Me temblaron las rodillas. Me solté de él y me senté en el borde de la cama. Le conté lo de la tarjeta entre lágrimas que no calculé. Le dije que no había pensado llamarlo, que no se la había pedido, que la había guardado sin saber por qué.
—El trato era no a solas —respondió, sin moverse—. Vos lo sabías.
—Perdoname —le rogué, y me abracé a su pecho como si me fuera la vida—. Perdoname, mi amor. Que sea la primera y la última vez.
Se quedó callado un rato largo. Después estiró la mano hacia mi cartera, sacó la tarjeta de Damián entre dos dedos y la tiró al tacho del cuarto sin volver a mirarla.
—Que sea la primera y la última —repitió.

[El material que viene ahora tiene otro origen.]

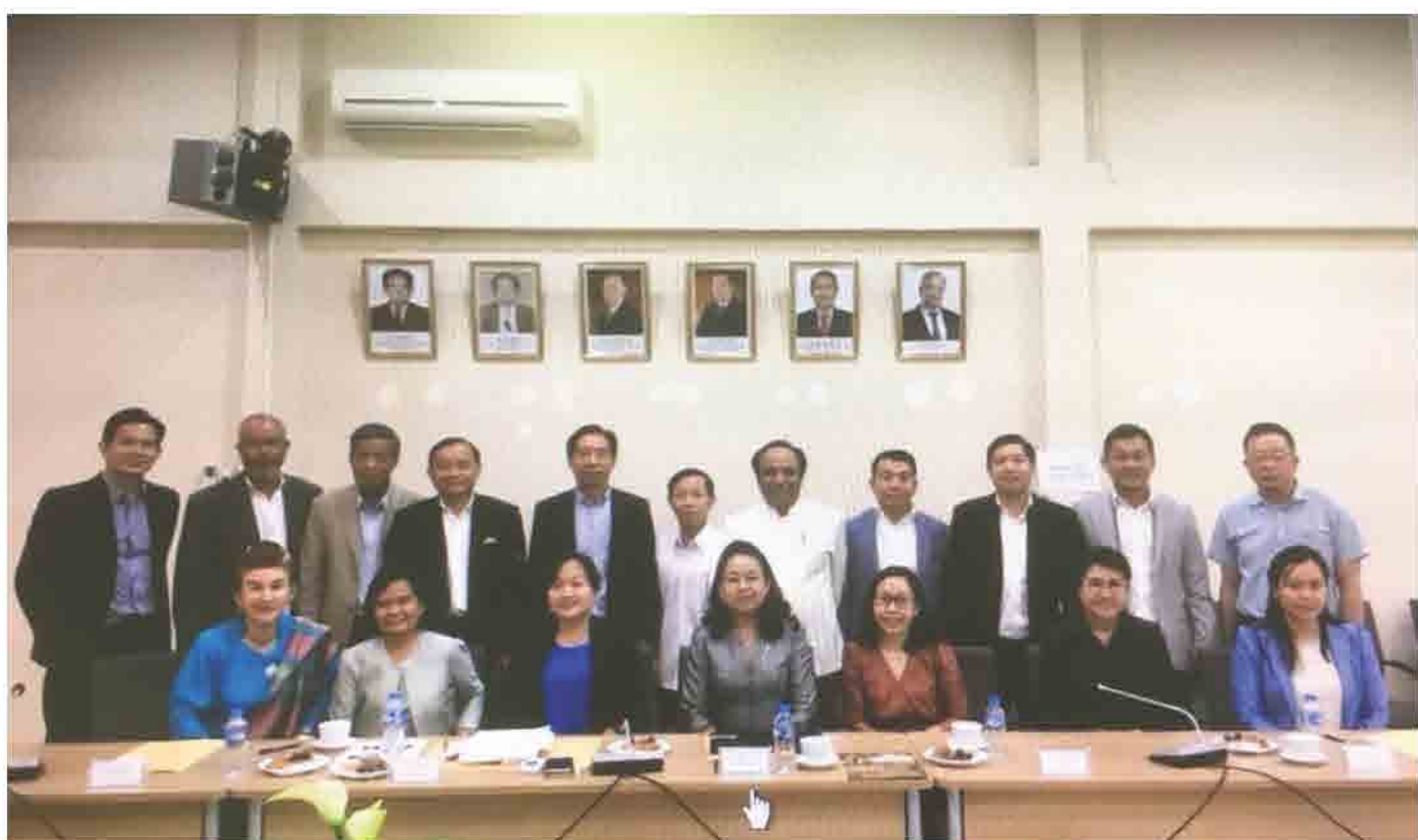
ກອງປະຊຸມ ຄະນະທີ່ປຶກສາ ສະພາການຄ້າ ແລະ ອຸດສາຫະກຳ ແຫ່ງຊາດລາວ ປີ 2018

Me besó. Me besó con esa rabia silenciosa que solo conocíamos él y yo, y me dio vuelta sobre la cama deshecha, y me cogió de nuevo, ahora sin testigos, mientras yo le pedía perdón en cada empujón. Acabó dentro mío como queriendo borrar las huellas del otro. Nos dormimos abrazados, ahí, en ese hotel del centro, hasta el día siguiente.
El video todavía lo tiene él. La tarjeta no la recuperé jamás.